Tower Insurance is refunding 23,000 of its customers, further to it mistakenly overcharging them over a 22-month period.
It admits it has calculated some of its customers’ multi-policy discounts incorrectly due to a technical issue.
Tower, FinTel, Kiwibank and TSB Bank customers, who had multiple policies with the insurer, and had their policies renewed between October 2014 and August 2016, may be affected.
The Kiwi insurer says less than 10% of its customers are due for a refund and will be contacted via mail by September 30.
“We apologise for this error and any inconvenience it may have caused,” Tower says on its website.
The insurer has refused to disclose how the much it will be refunding in total.
It says it has informed the Financial Markets Authority and the Commerce Commission of the issue and has been keeping them informed of the progress in resolving it.
It has also retained financial consultancy firm EY to audit its processes.
Tower’s share price has fallen 2% today, to 94 cents.
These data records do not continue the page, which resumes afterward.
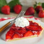 A delightful Strawberry Slab Pie featuring a buttery, crumbly crust topped with fresh strawberries and a luscious, jello-based filling. This easy-to-make pie is perfect for summer gatherings and can be garnished with whipped cream for an extra touch of indulgence.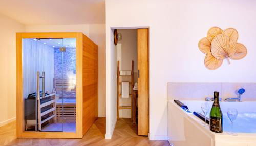 Die Unterkunft Suite Bali de 45m2 - Idéal couple - Chambre séparée - Jacuzzi baignoire balnéo - Sauna - Clim réversible - Netflix - Piscine accès partagé avec la petite copro - Bouteille de champagne offerte dès 2 nuits verfügt über eine Reihe von Einrichtungen wie eine Sauna mit einem Whirlpool.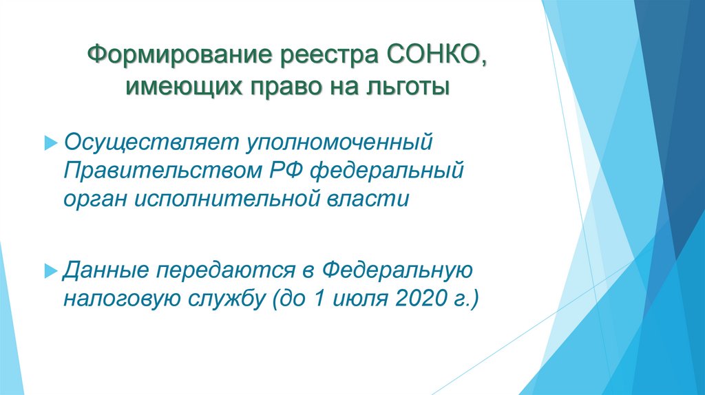 Формирование реестра СОНКО,имеющих право на льготы

It has taken a thumping in recent weeks and has dropped nearly 50% over the last year.
The insurer announced on September 8 that it expects its profit after tax to take a $16.2 million hit, as it engages in more court action and receives additional claims from the Earthquake Commission (EQC), six years on from the Canterbury quakes.
It said it will increase its provisions for the earthquakes for the sixth time, and hasn’t ruled out doing so again.
It has also announced a commercial dispute with Peak RE, which could see it lose up $43.5 million of reinsurance it desperately needs to cover its outstanding quake claims.
Since September 8, The Australian Financial Review has reported there’s speculation Tower may be bought out by another insurer. New Zealand’s largest general insurer, IAG, has ruled out involvement in a potential take-over.
Tower share trading has been high this month, with Perpetual and UBS becoming substantial shareholders, and Salt Funds Management and Westpac reducing their shareholdings.